The Anglican challenge

  • June 27, 2008

This summer, the 77-million members of the Anglican Communion are hurtling toward a crisis that could end with their fellowship ripped apart.

On the surface, the issue that threatens Anglican unity has to do with homosexuality — specifically, the decision of U.S. Anglicans to consecrate openly gay bishops, and the moves afoot in both American and Canadian Anglicanism to approve the blessing of same-sex unions.

But the controversy points deeper, to profound cultural cracks that have opened between the historic north-Atlantic homelands of empire and the post-colonial, global south, and between essential understandings of what the Christian project should be in the modern world.
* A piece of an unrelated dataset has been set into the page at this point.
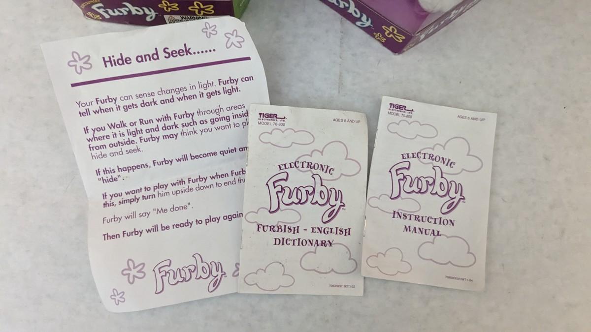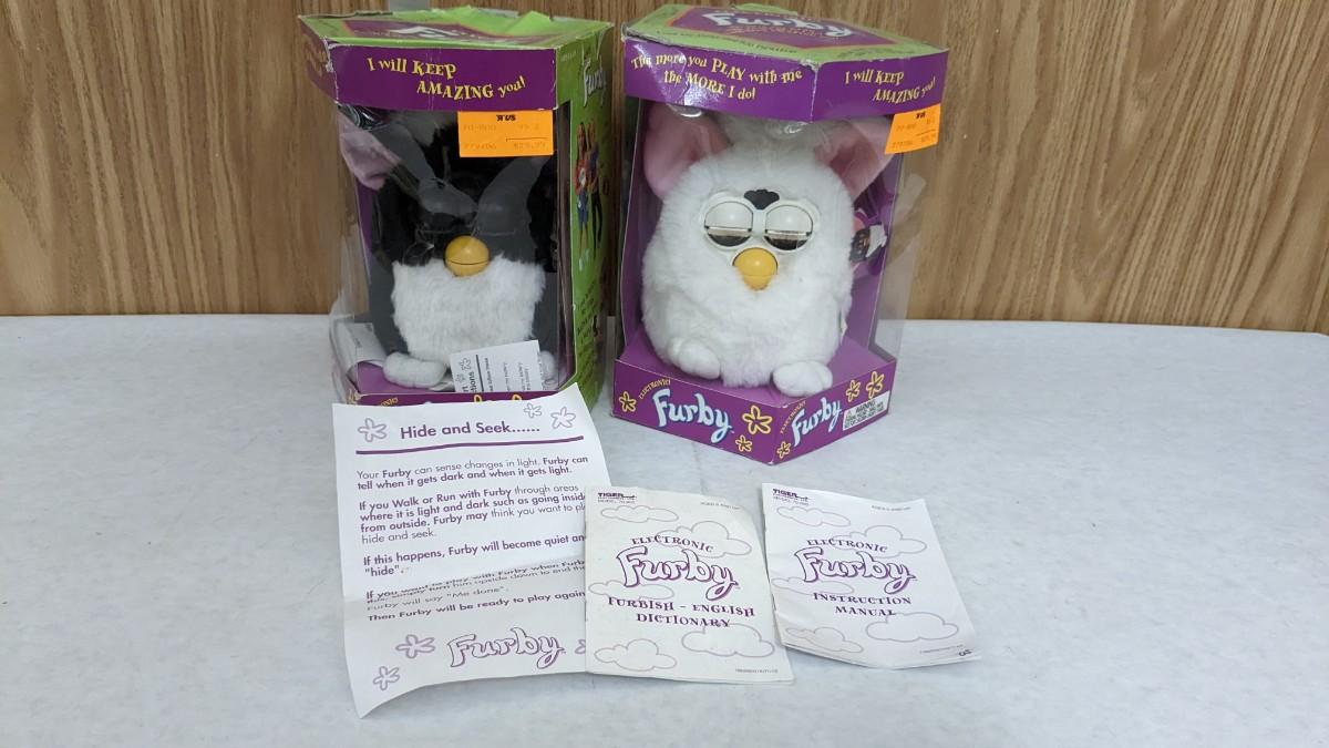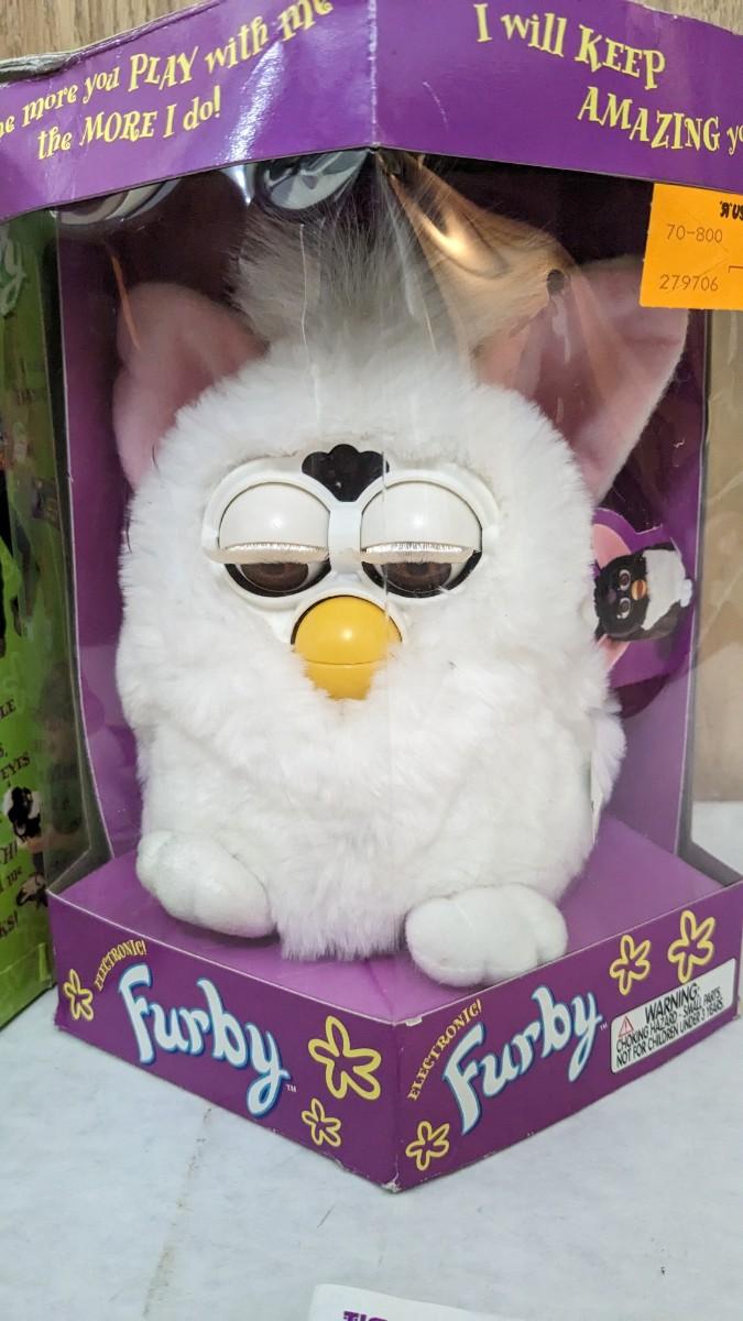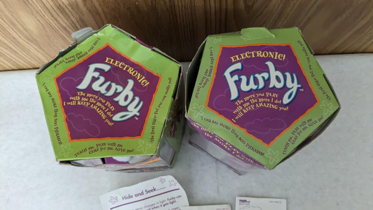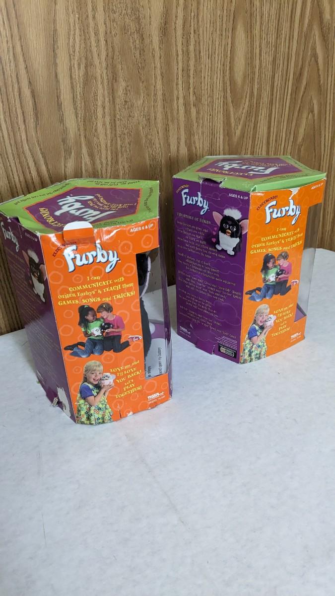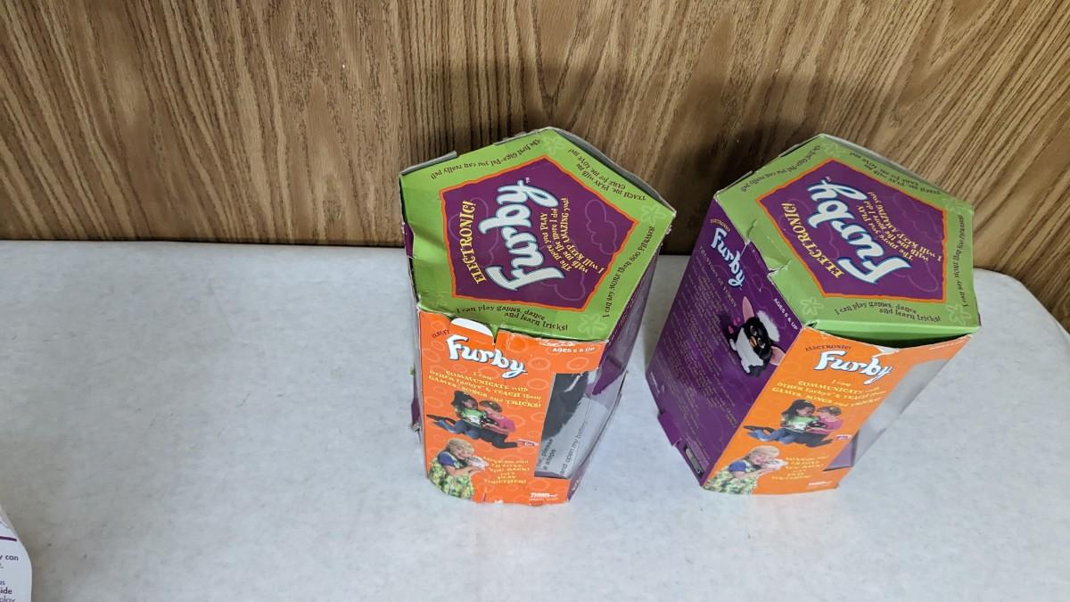 2 in package Furby's. Note wear to packages, Furby's are in great condition. bdrm1
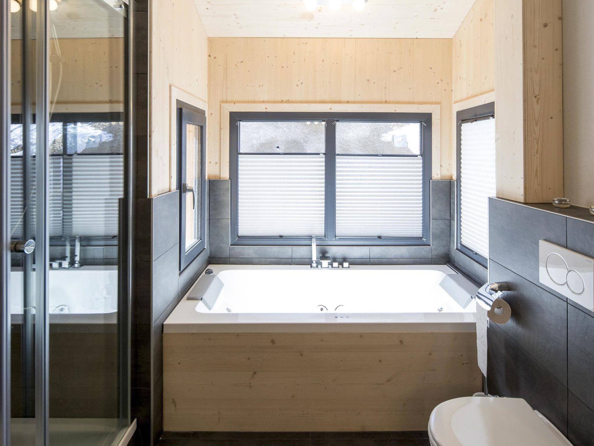 "Superior 12 Sauna&Sprudelwanne innen", 5-room chalet 120 m2. Comfortable and tasteful furnishings: living/dining room with dining nook and satellite TV (flat screen). 3 double bedrooms. 1 room with 1 bed and 1 x 2 bunk beds. Open kitchen (oven, dishwasher, 4 ceramic glass hob hotplates, toaster, kettle, microwave, electric coffee machine). Bath/WC, 3 showers/WC, 4 sep. WC's, hydro massage bath, Sauna. Balcony terrace. Terrace furniture. Beautiful view of the ski run. Facilities: hair dryer. Internet (WiFi, free). Please note: non-smokers only. The property is one of a type of property or apartment.

Some 300 bishops — more than a third of the Anglican Communion’s leadership, representing half its worldwide membership — met in Jerusalem in late June to lay the groundwork for a massive course-correction in Anglicanism. In his remarks at the Global Anglican Future Conference, Archbishop Peter Akinola, primate of Nigeria and leader of the conservative charge, accused Anglicans in the global north of apostasy and assailed the Archbishop of Canterbury, the head of world Anglicanism, for leading the Communion into moral turpitude. “We must rescue what is left of the church from the error of the apostates,” Akinola said.

As the conclave met, more “mainline” bishops, and some of the dissidents, were preparing for the mid-July opening of the Lambeth Conference, a gathering of all Anglican bishops held every 10 years. It will be a wounded affair: Absent will be most bishops from sub-Saharan Africa and several from American dioceses now threatening to split from the U.S. Episcopal Church over the ordination of gay bishops.

The widening rift first became visible at the 1998 Lambeth conference when African and other bishops persuaded their colleagues to officially reject “homosexual practice as incompatible with Scripture” and oppose the blessing of same-sex unions.

This insurgency came as a shock, say bishops and other observers I have talked with.  Anglo-American Anglicanism, which had hitherto controlled the agenda and tone of Lambeth, had always proceeded more or less in tandem with the “progressive” movements in north-Atlantic society. The Episcopal Church in the United States and the Church of England responded to feminism, for example, by renouncing ancient tradition and authorizing the ordination of female priests. In the 1990s, it seemed obvious that the gay rights struggle in civil society would eventually result in an official acceptance of homosexual ordinations and marriage.

Then suddenly, in 1998, the bishops gathered for Lambeth were confronted with a rebellion against this logic instigated by prelates from the huge and rapidly burgeoning churches of sub-Saharan Africa. (In Nigeria alone, an estimated 22-million Anglicans are in the pews each Sunday.) Anglicanism’s black, post-colonial global south spoke, and its words flew in the face of the kind of cultural accommodation most white bishops in the global north thought was inevitable, and some felt was indeed desirable. Most of these bishops, of course, were social liberals who had long supported African self-determination and independence. To their surprise, the Anglicans of “liberated” Africa turned out to be far more conservative than anyone could have expected.

The non-binding 1998 resolution declaring homosexuality a sin was ignored in the United States, where, in 2003, the Episcopal Church consecrated its first openly gay bishop. This action  could well go down in history as the crucial event in the break-up of the Anglican Communion.

The challenge facing Anglicanism, however, goes beyond the single issue of ordaining homosexuals who are living in public same-sex relationships. In the broadest sense, the question is whether Christian churches will or will not be passive collaborators in whatever social movement happens to be making headlines in the northern hemisphere.

Because Catholics are so often at odds with the dictates of mass culture these days, and because we take for granted the moral beliefs now being championed by dissident Anglican bishops, we may be tempted to view the turmoil among the Anglicans with a certain smug disdain. We shouldn’t. Though it’s not the whole story, Catholicism has a long, sorry history of alliances with despots and enemies of human rights. Catholics cannot afford to relax our vigilance about the desirable place of the Christian in modern society: opposed to its madness and cruelty.

In their attempts to bring Anglicanism back to its biblical and, indeed, its Catholic theological foundations, the dissenting Anglican bishops and their followers are proposing that their church become an evangelical, anti-secular, counter-cultural force. We should pray that their efforts end, not in the tragic collapse of Anglicanism’s Christian solidarity, but in a revival of hope and purpose throughout the Anglican Communion.